Направо мужики с Голодного Конца завопили густыми голосами:
— Гады, воры!
Напротив одутловатый сифилитик успокаивал толпу: «Буде, буде!» Выходило у него гнусаво, на м, так что нельзя и напечатать.
Митька схватил шумовку, лежавшую на столе, в виде дирижерского жезла. Ее прихватила Матрена. Она стряпала в своем жалком очаге кашу из древесной заболони. Если хорошо уварить это свежее дерево, то глотать ничего, можно. Только надо постоянно мешать мутовкой и шумовкой, чтоб варево не пригорело.
Как Митька ее кликнул, Мотька успела отставить котел от огня, а шумовку впопыхах прихватила с собой и, не зная куда девать ее, положила на стол перед Митькой.
Теперь она ему пришлась кстати. Он схватил ее за деревянный хвост и стукнул по столу. Головка отломилась и с треском отлетела вперед на толпу, как будто граната.
— Тихо! — крикнул Митька. — Слухайте.
Крики затихли. Все ожидали, что скажет Митька.
Но Митька только повторил:
— Слухайте, тихо!
— К вам говорю, купцы! — пояснил он, наконец, тыкая влево своим обломанным жезлом.
— Слышите вы, как обчество плачет? Объели вы его и оппили. Слухайте и думайте.
У старого Даурова в его неистощимой исторической памяти проснулось другое впечатление: вместо атамана с булавой — посадский голова с мошной.
— От стариков слыхал, — сказал он туманно, — случалось, беда, — купцы помогали обществу, кто сколько.
Настало тягостное неловкое молчание. Так, должно быть, было в нижегородской сборне, когда Минин Сухорук призывал торговцев к пожертвованиям, а они пыжились и пыхтели и никто не хотел выступить первым.
Карамзин, как известно, утверждает, что будто купцы кричали: «Заложим жен и детей и выкупим отечество!» Но ведь это легенда, парад. На деле, очевидно, и в Нижнем на Волге было не лучше, чем в Среднем на реке Колыме.
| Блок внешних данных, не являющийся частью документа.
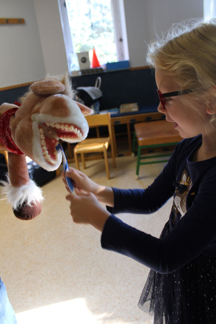 Die Gruppenprophylaxe durch den zahnärztlichen Dienst am folgenden Tag rundete die Auseinandersetzung mit dem Thema „Zahngesundheit“ ab.

Все глаза, как изо уговору, уставились, в Макарьева. Он был купеческий козел-коновод.
— Даю, жертвую! — проговорил Макарьев отрывисто.
«Сколько? — мелькнул мучительный вопрос в уме. — Мало нельзя. Время такое, побьют. А много, так еще страшнее. Скажут: взаправду, кровосос. Вот сколько припрятал добра».
— От последнего даю! Табаку десять (папуш), чаю пятнадцать (кирпичей). Платки, сахарок…
Общество молчало. Он как раз угодил. Дал мало, всего рублей на шестьдесят, но как раз столько, чтоб общество не взбесилось от злости.
Соседи его тоже молчали.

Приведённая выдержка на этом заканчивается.